Audition to be a performer or flying operator by attending both a dance clinic and an audition.

Dance Clinics:
Monday October 1, 8:00-10:00p in Choir room Rozsa 120
Friday October 5, 8:00-10:00p in McArdle Theatre Walker 207

Monday October 8, 8:00-10:00p in Choir room Rozsa 12

Friday October 12, 8:00-10:00p in McArdle Theatre Walker 207

Stealing Fire
February 7-9 and 14-16, McArdle Theatre
With a spark of life from Zeus Prometheus shapes the beasts of the world out of clay. Growing bored with his chore he endows the last of his creations, people, with a little extra spark. Maybe a bit more than intended. And thus human, titan, and god all find more than they can really cope with. Prometheus and Zeus, unlikely parents, struggle with love, infatuation, fear and much infuriation with their creation. Humanity grows, often barely skirting extinction, being shaped as much by accidents as plans, often relying on tricks to push forward and escape the boring monotony of immortals.

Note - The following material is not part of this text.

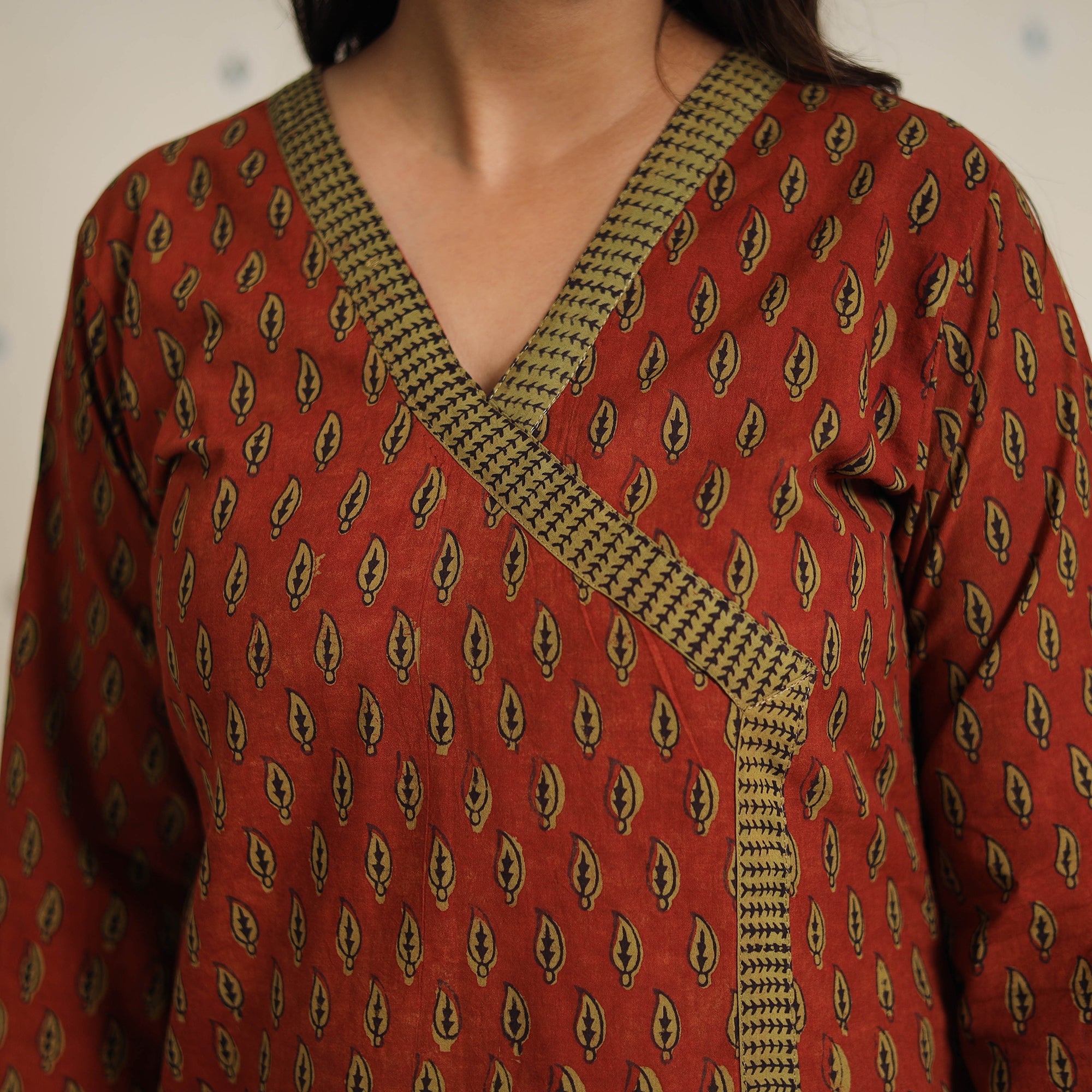 Each piece is hand block printed and dyed using natural colors over a slow process of 15–20 days. As a result, you may notice slight variations in color, mild pigment smudges, or irregular dye patterns, these are not defects. They’re gentle marks of authenticity, proudly bearing the touch of human hands, heritage, and nature’s own palette. Wear them like a signature, because no two pieces are ever alike.
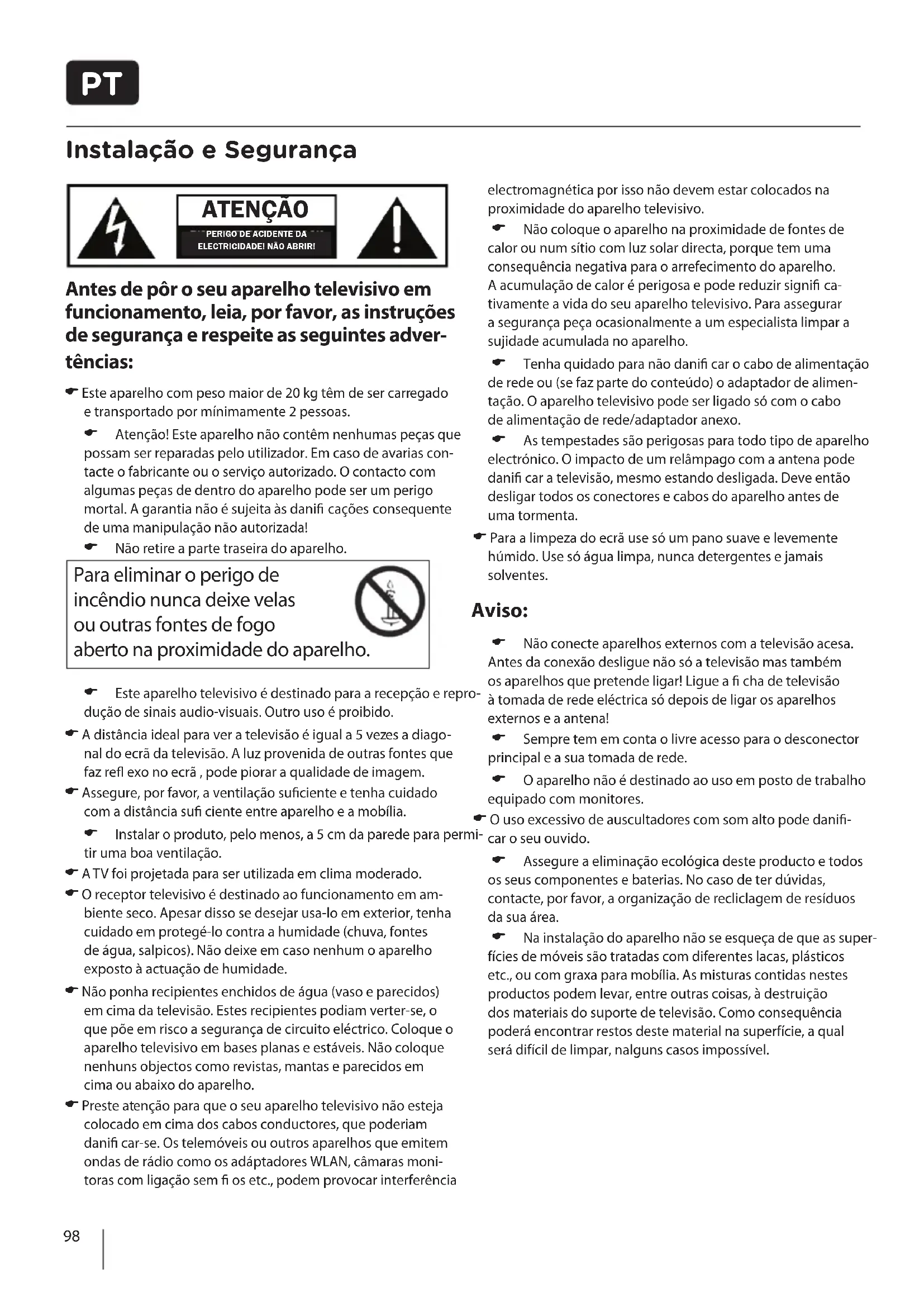 Instalação e Segurança Antes de pôr o seu aparelho televisivo em funcionamento, leia, por favor, as instruções de segurança e respeite as seguintes adver- tências: Este aparelho com peso maior de 20 kg têm de ser carregado e transportado por mínimamente 2 pessoas. Atenção! Este aparelho não contêm nenhumas peças que possam ser reparadas pelo utilizador. Em caso de avarias con-tacte o fabricante ou o serviço autorizado. O contacto com algumas peças de dentro do aparelho pode ser um perigo mortal. A garantia não é sujeita às dani cações consequente de uma manipulação não autorizada! Não retire a parte traseira do aparelho. Para eliminar o perigo de incêndio nunca deixe velas ou outras fontes de fogo aberto na proximidade do aparelho. Este aparelho televisivo é destinado para a recepção e repro- dução de sinais audio-visuais. Outro uso é proibido. A distância ideal para ver a televisão é igual a 5 vezes a diago- nal do ecrã da televisão. A luz provenida de outras fontes que faz re exo no ecrã , pode piorar a qualidade de imagem. Assegure, por favor, a ventilação su ciente e tenha cuidado com a distância su ciente entre aparelho e a mobília. Instalar o produto, pelo menos, a 5 cm da parede para permi- tir uma boa ventilação. A TV foi projetada para ser utilizada em clima moderado. O receptor televisivo é destinado ao funcionamento em am- biente seco. Apesar disso se desejar usa-lo em exterior, tenha cuidado em protegé-lo contra a humidade (chuva, fontes de água, salpicos). Não deixe em caso nenhum o aparelho exposto à actuação de humidade. Não ponha recipientes enchidos de água (vaso e parecidos) em cima da televisão. Estes recipientes podiam verter-se, o que põe em risco a segurança de circuito eléctrico. Coloque o aparelho televisivo em bases planas e estáveis. Não coloque nenhuns objectos como revistas, mantas e parecidos em cima ou abaixo do aparelho. Preste atenção para que o seu aparelho televisivo não esteja colocado em cima dos cabos conductores, que poderiam dani car-se. Os telemóveis ou outros aparelhos que emitem ondas de rádio como os adáptadores WLAN, câmaras moni-toras com ligação sem os etc., podem provocar interferência electromagnética por isso não devem estar colocados na proximidade do aparelho televisivo. Não coloque o aparelho na proximidade de fontes de calor ou num sítio com luz solar directa, porque tem uma consequência negativa para o arrefecimento do aparelho. A acumulação de calor é perigosa e pode reduzir signi ca-tivamente a vida do seu aparelho televisivo. Para assegurar a segurança peça ocasionalmente a um especialista limpar a sujidade acumulada no aparelho. Tenha quidado para não dani car o cabo de alimentação de rede ou (se faz parte do conteúdo) o adaptador de alimen-tação. O aparelho televisivo pode ser ligado só com o cabo de alimentação de rede/adaptador anexo. As tempestades são perigosas para todo tipo de aparelho electrónico. O impacto de um relâmpago com a antena pode dani car a televisão, mesmo estando desligada. Deve então desligar todos os conectores e cabos do aparelho antes de uma tormenta. Para a limpeza do ecrã use só um pano suave e levemente húmido. Use só água limpa, nunca detergentes e jamais solventes. Aviso: Não conecte aparelhos externos com a televisão acesa. Antes da conexão desligue não só a televisão mas também os aparelhos que pretende ligar! Ligue a cha de televisão à tomada de rede eléctrica só depois de ligar os aparelhos externos e a antena! Sempre tem em conta o livre acesso para o desconector principal e a sua tomada de rede. O aparelho não é destinado ao uso em posto de trabalho equipado com monitores. O uso excessivo de auscultadores com som alto pode dani - car o seu ouvido. Assegure a eliminação ecológica deste producto e todos os seus componentes e baterias. No caso de ter dúvidas, contacte, por favor, a organização de recliclagem de resíduos da sua área. Na instalação do aparelho não se esqueça de que as super- fícies de móveis são tratadas com diferentes lacas, plásticos etc., ou com graxa para mobília. As misturas contidas nestes productos podem levar, entre outras coisas, à destruição dos materiais do suporte de televisão. Como consequência poderá encontrar restos deste material na superfície, a qual será difícil de limpar, nalguns casos impossível. ATENÇÃO PERIGO DE ACIDENTE DA ELECTRICIDADE! NÃO ABRIR!99 Instalação e Segurança O ecrã do seu televisor LCD corresponde aos altos requeri- mentos de qualidade e foi posto à prova várias vezes para detectar píxeis defectuosos. Devido a tecnologia do processo de produção (mesmo com a maior atenção na produção de ecrã) não se pode a 100% excluir a aparição de píxeis defeituosos no ecrã. Estes píxeis defeituosos não são conside- rados como um defeito dentro de garantia do aparelho se a sua extensão não ultrapasse límites de nidas seguindo a norma DIN. Informação Importante Relativa à Uti- lização de Videojogos, Computadores, Legendas ou Outras Visualizações de Imagem Fixa A utilização prolongada de material de programa de imagem xa pode causar uma „imagem sombra“ permanente no painel LCD. Esta imagem de fundo é visível em programas normais sob a forma de uma imagem estacionária xa. Este tipo de deterioração irreversível do painel LCD/LED pode ser limitada ao efectuar os seguintes passos:

Director: Christopher Plummer
Choreographer: Mary Muncil
Flying Director: Kalen Larson
Stage Manager: Sarah Karsten

What I Did Last Summer: Jared Anderson

Our VPA Faculty are always up to something great!  Find out what they did with their summer vacations in our What I Did Last Summer series.

In June, Jared Anderson, Assistant Professor of Music and Director of Choral Activities attended the Chorus America Conference in Minneapolis.  He also attended the ACDA National Symposium on American Choral Music in Washington, D.C. where he presented a poster entitled: "Reflections on the Water: Dominick Argento's Walden Pond."

In August, he performed as the tenor soloist in a Gilbert and Sullivan Revue Concert--part of the Mostly Thursdays Concert Series in Bayfield, WI.